You, the person who’s watching this video right now, are unique. There is literally nobody like you and there will never be another you. You are one out of many billions. The exact thoughts you’re thinking right now, no matter how similar they could be to the others watching this video right now, are perfectly unique. If you get up on stage and start spontaneously talking, nobody will ever say what you say. This element of uniqueness in every individual is the life force of the art of improv. This means that you have an endless well of original creative ideas that can flow out of you at every moment. And they’re all going to be unique to you in some big or even just slightly different way. You can draw these out of you on command at any time. Imagination is instinctual. So, to ever try to be creative, interesting, and funny makes zero sense to an improviser. Because 1. The second you leave your instinctual imaginings is the second you have stopped being unique. and 2. Even a millisecond of thinking about something funny or interesting is a millisecond too long when it comes to being perfectly engaged and cohesive with another person.
And here’s where everyone gets mucked up. Right now, if you’re a normal person, you’re thinking, “That’s great and all, Anthony, but I’m not some genius funnyman. I’ve tried trusting my creative instincts and it just in-stinks!” But the thing about being you is that you live with you a real lot. In fact, you live with you more than anyone else lives with you. So you know yourself so frickin’ much that you think your natural thoughts are boring and unoriginal. Just like I’m sure that if you were stranded on a desert island with only an iPad that had The Godfather downloaded on it, and you just ended up watching The Godfather about 8 billion times, you’d eventually think, “The Godfather isn’t very amazing anymore.” It’s cause you’ve seen it so much that it’s lost its magic. And that’s where everyone gets screwed up when it comes to improv. They think they have no magic. But for someone who has never met you before, that exact recipe of all the millions of little qualities and tendencies you have is the exact mixture that will entice them for hours after you’ve left the stage.
So, basically what I’m trying to say is, Paul Rudd is really good at that.
If you start looking at his humor, you never see Paul going for anything outside of his unique take on the obvious next step.
Let’s go back to Paul’s urinal prank on Jason Segal. He tends to like penis humor. So when Paul and Jason both need to go pee, and they are next to each other at the urinal, what’s the obvious thing to say to your buddy to make him feel uncomfortable?

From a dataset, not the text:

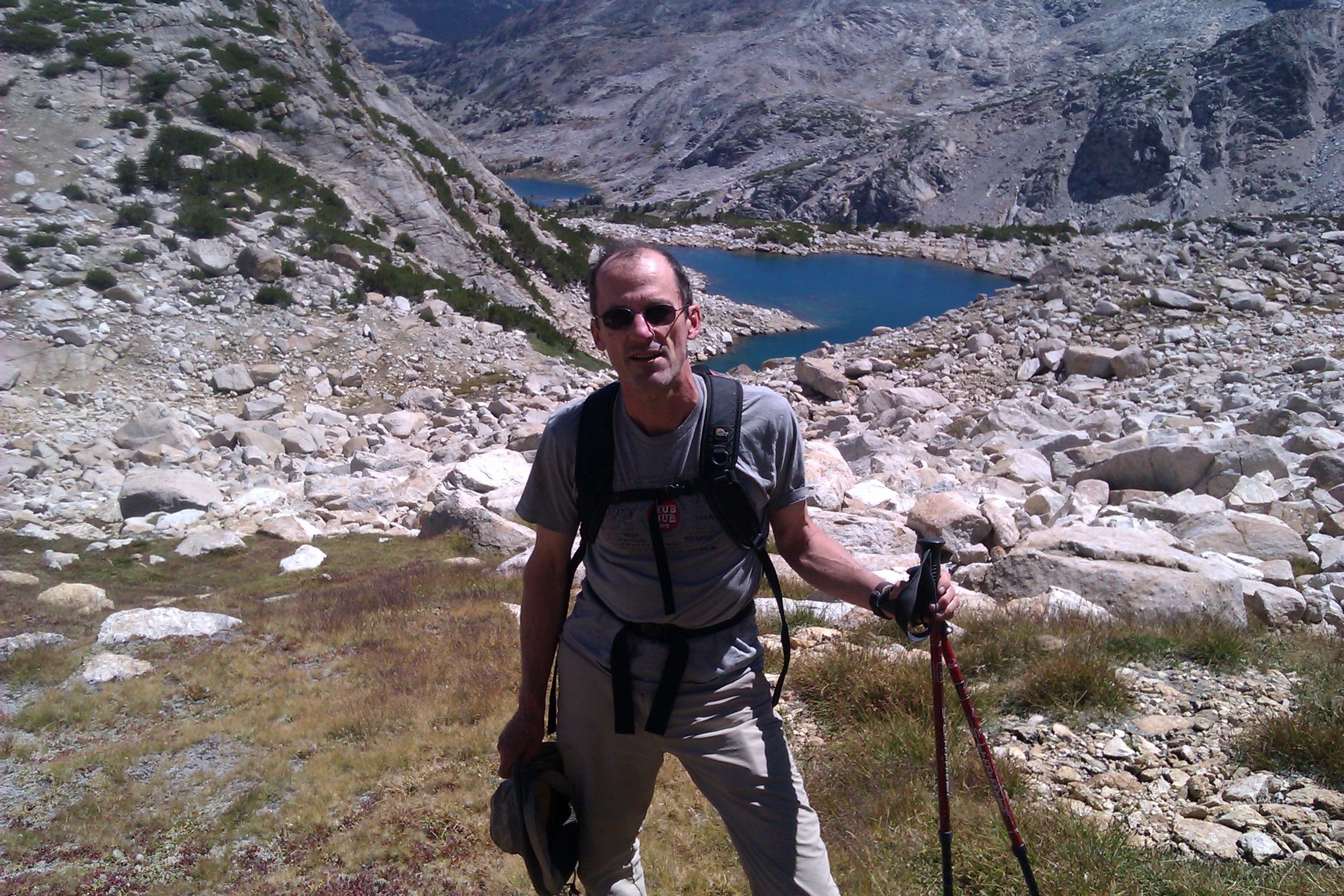 We reach the plateau above Alpine Lake and stop for lunch. We ascend the steep slope above the plateau; trying to stick to the grassy bands, avoiding the rocky parts where Todd fell and broke his hand a few years back.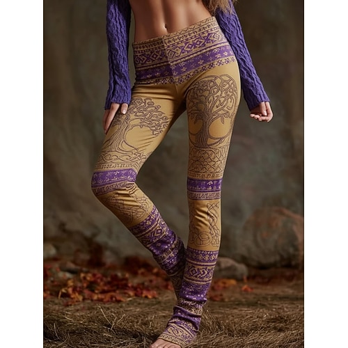 Damen-Leggings im Wikinger-Stil, kuschelig, für Urlaub, Vintage-Look, Ethno-Stil, lange Länge, hoher Bund, Grafikprint, bequem, dehnbar, für Freizeit, Urlaub, Alltag, gelb, lila, Frühling, Herbst,

Or when you’re on a press junket for a movie and it feels to have a serious, professional tone to it, and there’s a mug of water for you to drink, and you drink it and you have a beard, what’s the obvious thing to do to make your co-star laugh? How about spill the water all over yourself? Then what? How about to ask to get topped-off as though it’s some cocktail… and then to keep asking to get topped-off again and again so you effectively make a mockery of the over-the-top show-business imagery of the set design.
Paul doesn’t do anything mind-blowing because he knows that he himself and his natural inclinations are the special variables in the funniness equation. No more needs to be added than him and his dumb ideas.
So you, you too can be like my fantasy best friend Paul Rudd by simply trusting your own instincts. Trust your faculties. Trust yourself. And just like the secret to being happy, when everyone else is busy trying to find the answer outside of themselves, you know the magic happens right there inside of your li’l head by just going snap.